I am what one historian calls post-domestic.  Unless you are a hill farmer, or a herder (in which case you are an anachronism, which won’t come as a surprise since making a living in either of those ways is very difficult) so are you.  It isn’t just that I was born in the mid-twentieth century in the dead centre of a great city.  It isn’t just that I’m Jewish and almost by definition urban. My grandparents came from the shtetl: they were traders, furriers, tailors, but at some point they must have ridden horses, or used them to pull carts.  They would have kept chickens and killed them under the watchful eye of the rabbi.  My mother, although born in London in 1912, knew how to singe and dress chickens that came, head and feet on, insides inside, from the kosher butcher.  Even so, the children of immigrants like my parents put the shtetls behind them as much as possible.  Their old people were old world embarrassments, for all that they had made the bold journey from a hostile middle Europe to unknown and far-away city centres.

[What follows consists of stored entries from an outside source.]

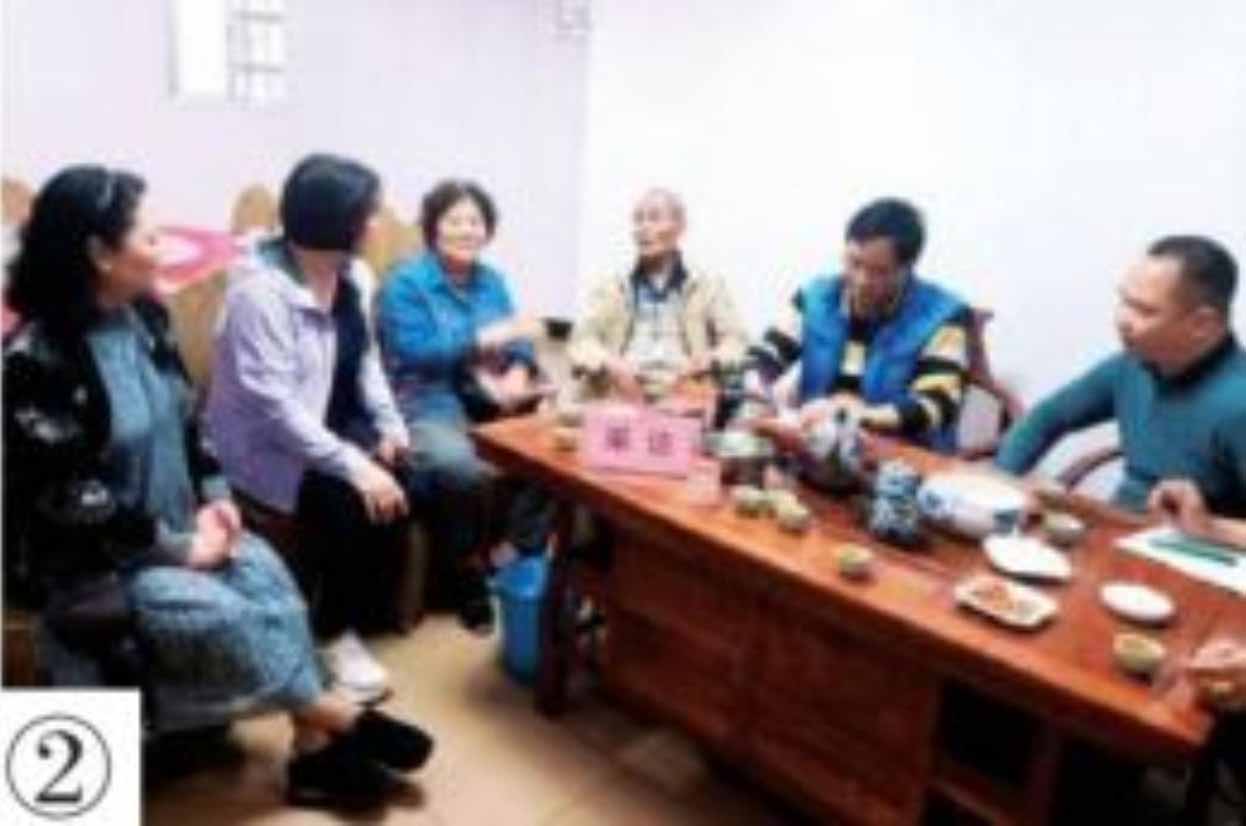 ②阳春市漠阳江红色文化研究会采编人员与欧圣聪儿子欧西(右三)、女儿欧凯(左二)等进行采访座谈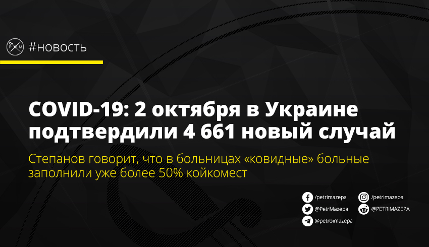 COVID-19: 2 октября в Украине подтвердили 4 661 новый случай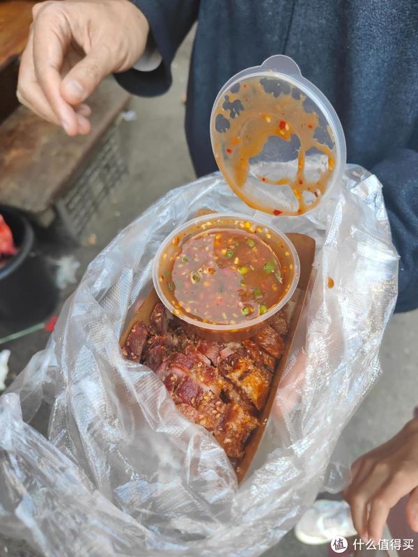 然后是加料,这个脆皮大烧,旧年在昆明菜市集也买过了吃,或者算是傣族的菜系,给的蘸料有点像是撒撇,酸辣为主,大烧部分有点像咱们这边的烧猪,即是用的腌料可能不同样。然后乌鸡的话,嗅觉不合适我的口味,偏淡,肉质比拟柴,猪皮就莫得试了。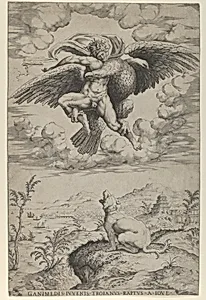 In the grand tradition of Renaissance mythology, *The Rape of Ganym* captures a dramatic moment from Ovid's *Metamorphoses*: the Trojan shepherd boy Ganymede, seized by Jupiter (Zeus) disguised as an eagle, is whisked to the heavens to serve as the gods' cupbearer. Below, his loyal dog barks in futile protest, adding pathos to the scene. Designed by Michelangelo Buonarroti around 1542 and masterfully engraved by Nicolas Beatriz, this print exemplifies the High Renaissance master's fascination with dynamic male nudes and anatomical perfection, bridging his sculptural prowess with the printed me...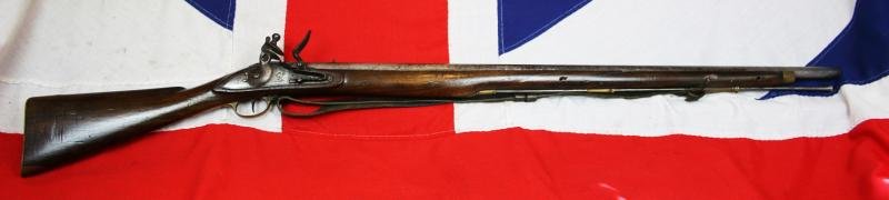 One of the 142,970 British contract made 'India Pattern' muskets turned over by the East India Co. army to the British Board of Ordnance for the Napoleonic wars, due to the urgent need for arms to counter Napoleon's massive armament reserve.The lock is stamped with primary senior ordnance inspector Richard Duce {his mark of Crown 2}. Who was also the controller of tempering & hardening of locks, after there arrival from the stores for fitting to the musket, and apparently he inspected all the EIC bess that were handed over to the British Ordnance for the Napoleonic Wars.The musket was the standard weapon issued to the British soldier throughout the 18th and early-19th centuries. It would be the 'India', also known as the 'Third Pattern' Brown Bess musket that would play a central and pivotal role in the wars against Revolutionary and Napoleonic France.By the end of the American Revolutionary War in 1783, the British Army was armed with the Pattern 1777 and Pattern 1779(S) Short Land Pattern musket. This was a musket made to the strict quality guidelines of the Board of Ordnance, and was characterised by its 42 in barrel. After the war the expectation was for a period of peace, a time when the need for Ordnance materials would be low, so the standing contracts for the Pattern 1777 and the Pattern 1779(S) musket were cancelled. Parliament was not prepared to fund equipment it deemed unnecessary, so financial retrenchment was the order of the day. No change there thenThe world changed in 1793, a mere 10 years after the loss of the American colonies. Britain found itself once again at war, this time with Revolutionary France. An army now reduced in size to an authorized strength of only 44,432 men had to be expanded rapidly, along with the local militia and volunteer forces. The call for muskets was huge. Indeed, in 1793 the total stock of muskets in armouries around Britain, including the central arsenal at the Tower of London, was around a mere 60,000. The stocks held in French arsenals amounted to over a very sensible 700,000.Something needed to be done. At first the Board of Ordnance tried to ramp up production of the Short Land Pattern muskets by engaging new contractors. Yet despite producing over 31,000 muskets in 1793 the numbers were still woefully inadequate for the expanding forces.The Board of Ordnance had to fill the gap. They did this by ordering 10,000 muskets from the Birmingham gun trade and 10,000 from their usual emergency suppliers in Liege, Belgium. However this was still not enough, especially as the private contractors in both Birmingham and London were hard at work fulfilling orders for the private trade and for the East India Company, one of the biggest private purchasers of military arms. To begin to solve this lack of supply the Master General of the Ordnance, the Duke of Richmond, suggested to the government that they persuade the East India Company to sell their stocks of muskets to the government and also to agree not to place any further orders until the Ordnance's requirements were met.The duke wrote to the Home Secretary, Henry Dundas, on the matter. As Chairman of the Board of Control of the East India Company Dundas had earlier been instrumental in securing parliamentary approval for the renewal of the East India Company's monopoly. The duke stated that he was: 'aware how unpleasant it must be to take such a step, and to deliver out to our troops these East India Company muskets, but ... the least important must give way to the most; and you will be best able to judge whether the East India Company can admit of a delay in respect of theses arms. And altho' they might not be quite so perfect as ours, they undoubtedly must be serviceable ones, and such as the new Raised Corps must put up with on the current Emergency.'This suggestion was met with agreement, and the idea of introducing the East India Company's arms into British Army service was conceived. By the end of 1794 the East India Company had delivered 29,920 muskets into government stores, all that they could spare. Indeed transactions for East India Company muskets would continue throughout the duration of the Revolutionary and Napoleonic wars. By 1815, the East India Company had sold the Board of Ordnance at least 142,970 small arms.The musket that the East India Company supplied was one originally designed by General Lawrence for East India Company service, altered and simplified by Lieutenant Colonel Edward Windus in 1771. The musket in Company service became known as the 'Windus' pattern. In 1795, the Board of Ordnance began to order 'India Pattern' muskets on its own account and by 1797 it officially adopted the musket as the Model 1793 and began to place substantial orders for it with the Birmingham gun trade.The Model 1793 India Pattern musket was standardized by the Board of Ordnance in 1797, taking account of its comparable cheapness, simplicity of design and ease of manufacture. By the end of 1797, the Birmingham gun trade was able to deliver some 72,000 muskets to the government proof house at Bagot Street. The success of this model was self evident, along with its slightly modified successor the Model 1809 India Pattern. They produced at an average price of 18 shillings and 5 pence (roughly £3,000 in today's money).This fabulous example was one of those desperately required Brown Besses.The Brown Bess musket was the standard weapon of the British infantry for more than a century. Soldiers on both sides of the War of 1812 employed it in battle, staring down its barrel at opponents across distances of less than a hundred yards.Flintlock musketThe Brown Bess musket was the standard weapon of the British for more than a century.British foot soldiers marched into battle with this musket—nicknamed 'Brown Bess'—for more than 100 years. British redcoats used the Brown Bess to fight the War of Independence in the colonies, and many of their opponents in the Americans' Continental army used it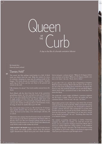 “Damien, Hold!” The rusted, sky blue garbage truck lurches to a halt. A black trash can clatters from the curb. With the switch of a lever, it’s airborne, dumping its cargo into the gaping mouth of the hopper. The truck devours its malodorous contents. Another quick tug at the lever, and the can drops to the ground and returns to the curb. “OK, Damien. Go ahead.” The truck rumbles onward down the block. Xavis Bland calls the shots from the back of the monstrous grumbling vehicle. At 5 feet and half an inch and 138 pounds, the 46-year-old is hardly the burly image of a sanitation worker. A single mother of three boys, she spends eight hours each weekday hauling 60- to 70-pound bags of garbage off the streets and into the clutches of Chicago Streets and Sanitation trucks. It’s long. It’s hard. It’s smelly. But it pays the bills. Her alarm clock rings at 4:30 a.m. She snoozes for 15 minutes, then quickly showers. Her 16-year-old son, Christian, is still asleep; she won’t see her baby, as she endearingly calls him, off to school. Bland drives five minutes from her Rosemoor home on the South Side of Chicago to the Streets and Sanitation 5th District office in Beverly, where row after row of hungry garbage trucks lie in wait. She arrives at work around 6 a.m. Twenty minutes later, Bland boards truck 510559, ready to tackle another day of trash. THE SCENT OF RAIN lingers in the brisk October breeze; damp streets and murky puddles remain from the previous night’s thunderstorm. Bland wears jeans and a black sweatshirt

Neat, clean clothes confirmed how far we had come from the old country.  My mother was adept at defining a lady.  A lady always wears pale gloves, carries a clean handkerchief.  A lady does not mess with dirtying nature, except in the kitchen to prepare it to look other than what it was by chopping and cooking, and, I would like to suppose, sometimes at least, in bed.  My mother and father both fled into the urbane.  When I was young we lived in a centrally-heated block of flats, a man way down in the basement stoked the boiler, another man came every week and took the dirty sheets and brought them back washed and ironed.  My ladylike gloves were white.  We had a little more to prove, but I don’t think we were exceptional among the many families of the Fifties: the goal was to achieve and hang on to respectability.  Falling over was frowned on, not just because you hurt yourself, but because it dirtied you up: stuff from the pavement on your clothes, blood, no longer contained, staining those nice neat socks and handkerchiefs. We walked or went on buses or taxis to shops or to the park, where children have to be taken.  Russell Square, a small patch of green in central London, or the larger patch of Regent’s Park in the other direction.  When I was old enough – seven or eight I went alone or with friends.  But be careful not to sit on the grass without putting something down first.  Those patches of unpaved earth were what Americans call it: dirt.  Near enough to nature to be reminiscent of  countryside.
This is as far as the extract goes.